Все постройки на базе были барачного типа и стояли каждая отдельно, довольно далеко друг от друга, поэтому огонь не перебрасывался с одной постройки на другую. Сгорело больше половины базы, к счастью, главный склад продуктов, обмундирования и мелкого оборудования остался нетронутым, также склад взрывчатки и боеприпасов, стоявший совсем особняком. Связи с Высоко-Литовском не было, ни по общей линии, ни по аварийной. Я, после нервного шока, чисто физического испуга и паники, пришел в себя, смог побороть дрожь, приобрел способность говорить, соображать и действовать. — «Все! Математически точно! Крест-накрест — и базы нет… хорошо еще, что людей на работе не было, а то бы трупов было больше, чем живых», — с глубоким вздохом как бы облегчения сказал Лифшиц.

Связи с управлением не было, наконец нашли, где провода были порваны, и я снова вызвал Высокое. Ответил дежурный и передал приказ начальника управления: «Имеющимися силами держать оборону базы до подхода колонны УР'а. Подготовить все средства для борьбы с возможным пожарами в случае воздушного нападения. Подготовить базу к возможной срочной эвакуации Местное население на базу не допускать В непредвиденных случаях руководствоваться приказом № 212». Потом дежурный добавил «Колонна УР'а уже вышла из Высокого на Черемху, у нас была атака на штаб 145-и, Брест еще не взят... Я снимаю оборудование и буду догонять колонну, это все желаю всего хорошего, товарищ инженер!»

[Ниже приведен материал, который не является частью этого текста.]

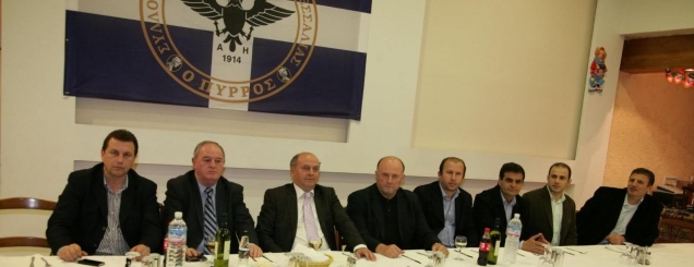 Kryetari i PBDNJ-ës, Vangjel Dule hyn në kabinet. I dyti i listës së Vlorës është kreu i OMONIA-s, Vasil Bollano. Zyrtarë të mazhorancës pohojnë se kreu i PBDNJ-së do të marrë postin e ministrit të Punës dhe sipas marrëveshjes, dorëzohet mandati dhe pasardhësi në listë bëhet deputet. Veprimtaria antishqiptare e Bollanos, ja deklaratat. (Në foto: Vasil Bollano më 26 shkurt 2011 në Thesali me anëtarët e shoqatës vorio-epiriote Pirro. Lart qëndron i varur flamuri i autonomisë së Vorio - Epirit.)

«Ну и приказ! — подумал я — 52 красноармейца, два старых «максима» и пятизарядные винтовки… будем защищать базу! Готовить оборудование против «возможных пожаров», конечно, нечего... погорело со всей базой. А вот подготовить полную эвакуацию — это дельно!»

И я отдал соответствующие распоряжения: всех с женщинами и детьми собрать в лесопосадках на северном краю базы. Имеющийся автотранспорт — 14 автомашин, по одной подгонять к складу, грузить продуктами наполовину, и потом туда же, в посадки, дополняя груз людьми. Пожарников вооружить по возможности и присоединить к охранной команде и распоряжение Борисова. Все оставшиеся здания, включая склад взрывчатки, подготовить к уничтожению.

После семи часов утра снова пролетели над базой три немецких самолета, один отделился от стайки и, описав в воздухе широкую дугу, пронесся над базой, сбросив три бомбы и обстреляв базу из пулеметов. Две бомбы упали на пустое место, а третья опрокинула водонапорную башенку.

К восьми часам нагрузили все наличные машины, отвели их в лес и замаскировали, собрали почти весь персонал с женами и детьми. Вся база была оцеплена, кроме того, я выслал в лес и по дорогам в направлении к границе несколько патрулей.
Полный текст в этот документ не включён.